Por que escolheu passar 10 anos de sua vida com São Luís?

Jacques Le Goff – Em primeiro lugar, tinha vontade de escrever uma biografia. Depois, escolhi um personagem que desse a possibilidade de, realmente, ir além de sua imagem mítica ou das suposições históricas. São Luís é um personagem fascinante: falar sobre ele é evocar todos os povos cristãos da época.

Luiz IX foi ao mesmo tempo rei e santo. É possível conciliar a esse ponto política e religião?

Le Goff – Houve outros reis santos antes dele: na Alta Idade Média, na época da instalação dos reinos bárbaros, como o rei da Burgúndia, Sigismundo. Depois, por volta do ano 1000, durante a conversão de povos inteiros ao Cristianismo, como o húngaro Etienne (Santo Estevão) ou o norueguês Olavo. Mas São Luiz é um rei santo de um novo tipo, pois é sua conduta pessoal, em primeiro lugar, que o faz ser santo. Aliás, ele será o último desse gênero.

O historiador William Jordan descreveu-o atormentado entre seu dever real e sua devoção...

Le Goff – Eu enfatizaria mais a coerência entre sua aspiração à santidade e sua conduta na política, o que não oculta de maneira alguma dificuldades e contradições [SIC!]. Um exemplo: São Luiz, à mesa, tem um estatuto especial e um cerimonial a respeitar, mas, muito ligado à tradição monástica, ele pratica a abstinência muito jovem, não bebe vinho puro, convida pobres, etc. Isso é verdade também para seu comportamento político.

Evoquemos, inicialmente, o rei Luiz IX. Como situá-lo?

Le Goff – Na metade do caminho entre o reino de seu avô Felipe Augusto e o de seu neto Felipe, o Belo, São Luiz representa a passagem da monarquia feudal à monarquia moderna: esta não se baseia mais nas relações do rei com seus vassalos, mas naquelas do rei enquanto chefe de Estado (diga-se, então, do reinado ou da coroa) com seus “súditos”. Essa construção do Estado moderno se faz de acordo com formas transitórias, progressivamente, evitando qualquer traumatismo institucional...

Luis IX moderniza o Estado?

Le Goff – Ele consolida a monarquia: duplica principalmente os bailios e os senescais – os magistrados, na época -, “investigadores” designados para apurar os abusos da administração real, para fazer reinar a justiça e a paz.
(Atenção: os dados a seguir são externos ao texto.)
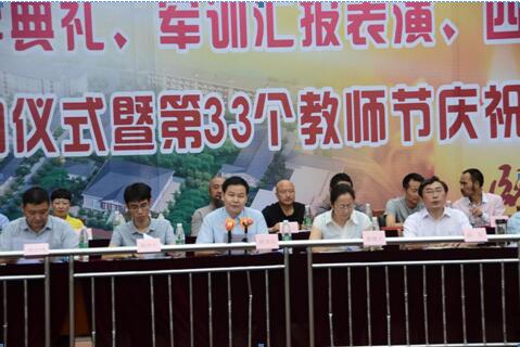 学校副校长童以鸿主持大会。雅安市经信委机关党委书记黄晓玉、雅安市芦山县副县长陈洋尔、雅安市教育局职称科科长杨德福、雅安市芦山县根雕管委会副主任陈焰等应邀出席,全校3000余名师生参加。

São Luiz quer tornar o rei o responsável pela Justiça. Os súditos do Rei (salvo nos assuntos religiosos, aliás, estritamente controlados) podem com isso apelar, a partir de então, para a justiça do rei. Aí está o fundamento dos futuros tribunais de apelação. A partir de 1254, essa seção da corte que administra a Justiça em seu nome vai ser denominada Parlamento...

Como um rei pode chegar à santidade, se começa lutando contra os cátaros, executando os preceitos da Inquisição e reprimindo os judeus?

Le Goff – Atenção para não cair no anacronismo! Façamos um esforço de compreensão da época, em retrospectiva. Sobre os cátaros: foi principalmente seu pai, Luiz VIII, que lutou contra os albigenses. Luiz IX continuou sua ação, mas não se interessou muito pelo sul da França, onde reinará seu irmão, Afonso de Poitiers. Sua responsabilidade não é nula, mas é preciso redimensioná-la. Sobre a Inquisição: em primeiro lugar, um rei tão piedoso não podia amar os hereges, culpados por colocarem em risco tanto a ortodoxia da fé quanto a coesão do reinado. Em segundo lugar, na tradição cristã do século 13, o rei é o braço secular da Igreja em seu reinado: se esta ordena ao soberano executar as sentenças de seus tribunais, ele deve obedecer.

E suas medidas anti-semitas?

Le Goff – Em primeiro lugar, tomemos cuidado com as palavras: não se trata de anti-semitismo (o que só aparecerá no século 19), mas de um anti-judaísmo, de natureza essencialmente religiosa. Luiz IX, profundamente cristão, não gosta dos judeus que se recusaram a reconhecer Jesus Cristo. Ele condena o Talmude porque este, do seu ponto de vista, diz horrores sobre Jesus e apresenta a Virgem como uma prostituta! Além disso, o rei não gosta das pessoas que constituem um corpo estranho dentro do reinado que ele tenta unificar. É verdade que São Luiz ficou desorientado [SIC!] com esse problema. Segundo disse: “Os cristãos têm um chefe, trata-se do prelado. Os judeus não têm ninguém. Devo, então, ser o prelado dos judeus: puni-los quando se comportam mal, mas também protegê-los quando são injustamente atacados”... A verdade é que São Luiz foi mesmo um perseguidor dos judeus [SIC!].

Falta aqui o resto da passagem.